Jeremy Schwartz (Austin American-Statesman) reports on Brandon Lara who was killed while serving in Iraq on his second tour. His stepmother, Gloria Lara, states, "Ever since I can remember, he knew exactly what he wanted to do. He's always wanted to be military. Since he was little, he was into guns and swords and knives." Yesterday morning, I typed, "That was one of two deaths, from the same region, the other wasn't noted by the US military and it was of an Afghanistan War veteran. Sig Christenson (San Antonio Express-News) reports on the two deaths, noting that both were from New Braunfels: [. . .]" That was incorrect. Trejo Rivas was an Afghanistan War veteran but he was also an Iraq War veteran and it was in Iraq that he was injured. My mistake, my apologies. Christenson reports today his injury was from "a mortar blast in Iraq" and "Rivas had trouble with speech, balance and memory after a mortar exploded about 25 feet from him on Oct. 12, 2006. The injury was a profound blow to an engineer and veteran soldier who had served in Bosnia, Kosovo, Africa and Afghanistan, as well as Iraq. It forced his retirement." Rivas held multiple degrees (bachelor's and master's) and his survivors include his wife Colleen.
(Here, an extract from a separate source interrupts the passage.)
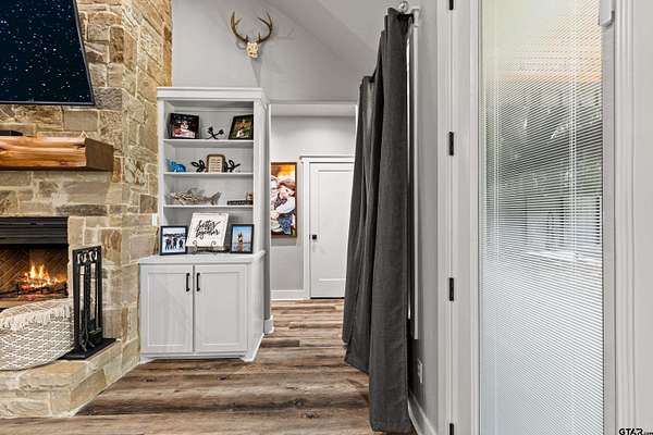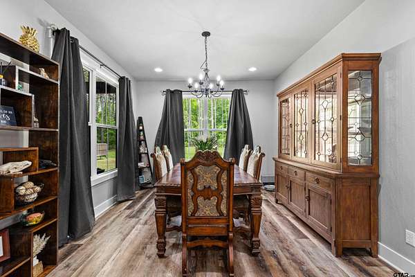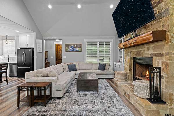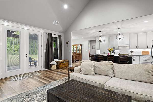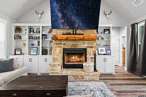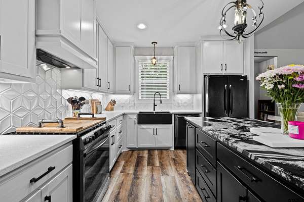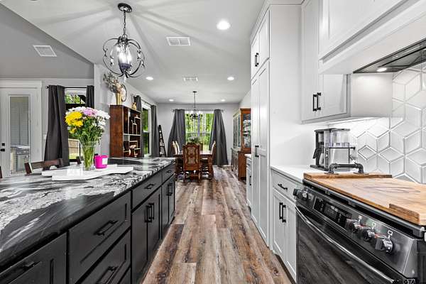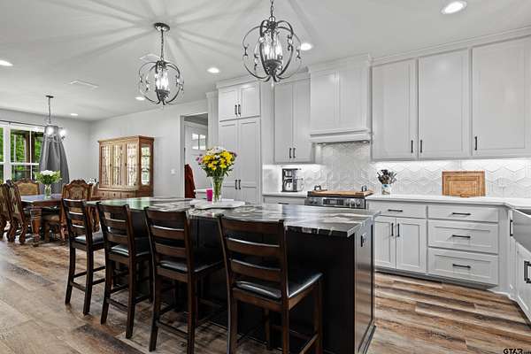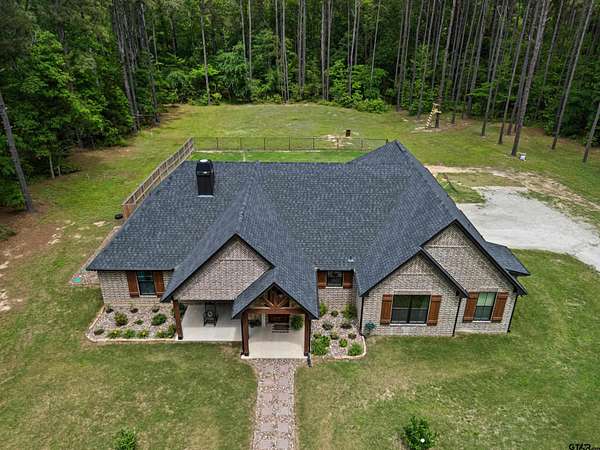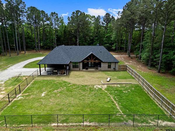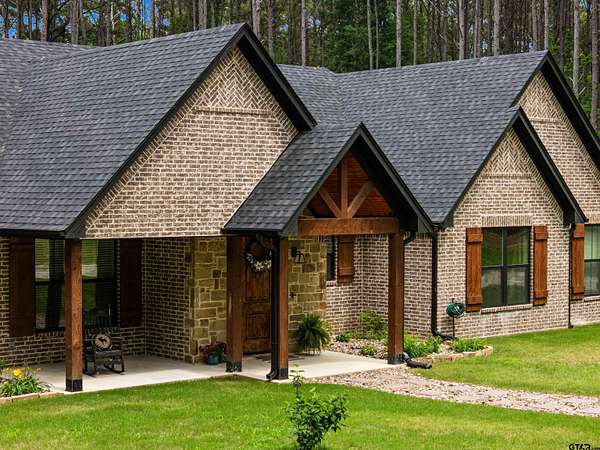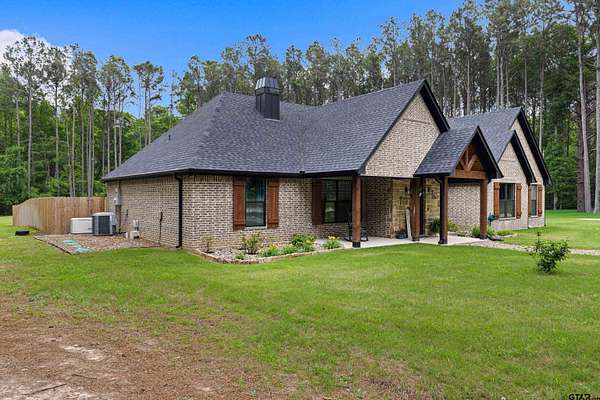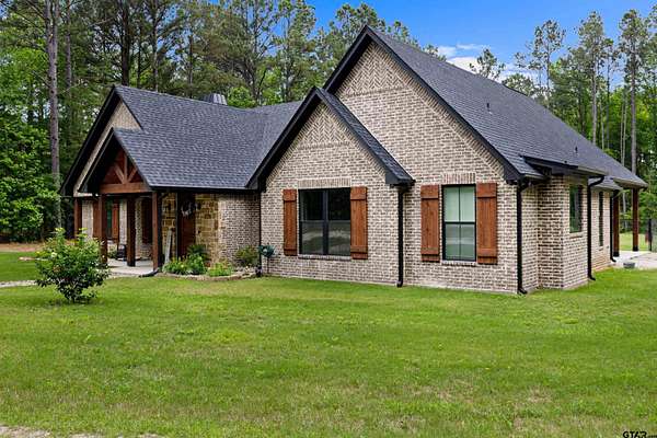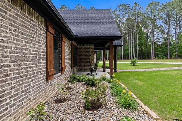 Built with intention and a sense of refinement, this custom brick home offers 3 bedrooms, 2 bathrooms, and a split layout that gives the primary suite a true sense of privacy. The open living, dining, and kitchen spaces flow effortlessly, creating a home that feels both elevated and easy to live in. The kitchen is understated yet striking, with quartz countertops, ceiling height shaker cabinetry, soft under cabinet lighting, and a leathered granite island designed for gathering. A black farmhouse sink, gas range, and black stainless appliances complete the space, while a hidden butler’s pantry keeps everything beautifully tucked away. In the living room, vaulted ceilings and a Douglas fir beam bring warmth and scale. A floor to ceiling stone fireplace anchors the space, designed for wood burning with a gas start and the option for gas logs. Built ins add a clean, finished look, and French doors open to the covered back patio. The primary suite is set apart, offering a retreat with dual sinks, quartz countertops, a walk in shower with rain head, and a soaking tub set beneath a chandelier. The walk in closet is thoughtfully designed with built ins and generous storage. On the opposite side of the home, two spacious guest bedrooms with walk in closets share a well appointed bath with tile flooring, quartz counters, and a tiled tub and shower combination. Outside, the covered patio mirrors the home’s design with vaulted tongue and groove ceilings, exposed beams, and an outdoor kitchen with leathered granite, sink, mini fridge, and Blackstone griddle, overlooking a fenced backyard with recently sodded Bermuda and a wooded backdrop that adds both privacy and a relaxing setting. Additional features include an oversized two car carport, utility room, whole home Generac generator, and a tankless gas water heater. A home that feels considered, timeless, and elevated.

Meanwhile Petyon M. Craighill (ABC News) reports on a new ABC News-Washington Post poll in which sixty-one percent of respondents "say the United States is making significant progress restoring civil order in Iraq" -- which is a fault of a media that refuses to report on Iraq (all US broadcast networks pulled out at the start of the year) and also the fault of a lazy minded public because violence has been on the rise for weeks now -- and steadily increasing since February. 'Progress'? In the real world the Chattanooga Times Free Press reports, "The Cleveland, Tenn.-based 252nd Military Police Company of the Tennessee National Guard is scheduled to depart on the first leg of an upcoming Iraq deployment on Wednesday, July 29."
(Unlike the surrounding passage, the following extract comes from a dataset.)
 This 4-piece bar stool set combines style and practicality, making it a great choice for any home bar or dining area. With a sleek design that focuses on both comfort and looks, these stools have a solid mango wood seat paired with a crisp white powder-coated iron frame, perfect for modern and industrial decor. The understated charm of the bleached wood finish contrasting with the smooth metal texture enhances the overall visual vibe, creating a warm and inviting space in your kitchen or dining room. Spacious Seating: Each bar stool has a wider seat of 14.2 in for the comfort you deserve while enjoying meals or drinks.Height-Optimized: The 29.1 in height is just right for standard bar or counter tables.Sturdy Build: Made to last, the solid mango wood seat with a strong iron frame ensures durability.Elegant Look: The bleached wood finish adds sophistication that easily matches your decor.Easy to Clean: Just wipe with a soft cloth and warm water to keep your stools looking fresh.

Nouri al-Maliki is gearing up for an attempt to steal all the limited Iraq media attention away from Saturday's KRG elections. Ross Colvin (Reuters) offers an analysis on What Nouri Wants. Gina Chon (Wall St. Journal) observes of Nouri, "Mostly unknown in Iraq, he returned after the U.S. invasion." Yes, the cowardly exile, part of the group pushing for the US to go to war with Iraq, was installed by the US. He does not represent Iraqis and none of the leaders do. Even the ambassador to Washington is one of those cowardly exiles who wouldn't fight for their own country but were happy to do anything (including lying) to force the Iraq War. Chon notes:

When he returns to Baghdad, Mr. Maliki will face some of the biggest challenges in his premiership. After months of relative calm, Iraq suffered high-profile attacks as U.S. combat troops withdrew from Iraqi cities in June; on Tuesday, attacks in Baghdad and elsewhere killed at least 18 people. Sharply lower oil prices, meanwhile, have imperiled Iraq's ability to fund its security services and rebuilding efforts.
Even some traditional allies are skeptical. Sheik Jalal al-Din al-Sagheer, a senior member of the Shiite alliance that includes Mr. Maliki's party, says the prime minister has improved security but hasn't attracted needed investment.
"There's a man for each era," says Mr. Sagheer. "For the next chapter, the focus needs to be on economic development. And I think we need a different man for this job."

The BBC cites their correspondent Gabriel Gatehouse who "says that, behind the optimistic talk about withdrawal, reduced violence and the increased capabilities of Iraqi security forces, lie two facts - there are still around 130,000 American troops inside Iraq, and fatal attacks remain an everyday occurrence. He says the question is how to get American forces out of Iraq by the end of 2011 without the security situation getting any worse. Our correspondent says Iraqi reconciliation is key."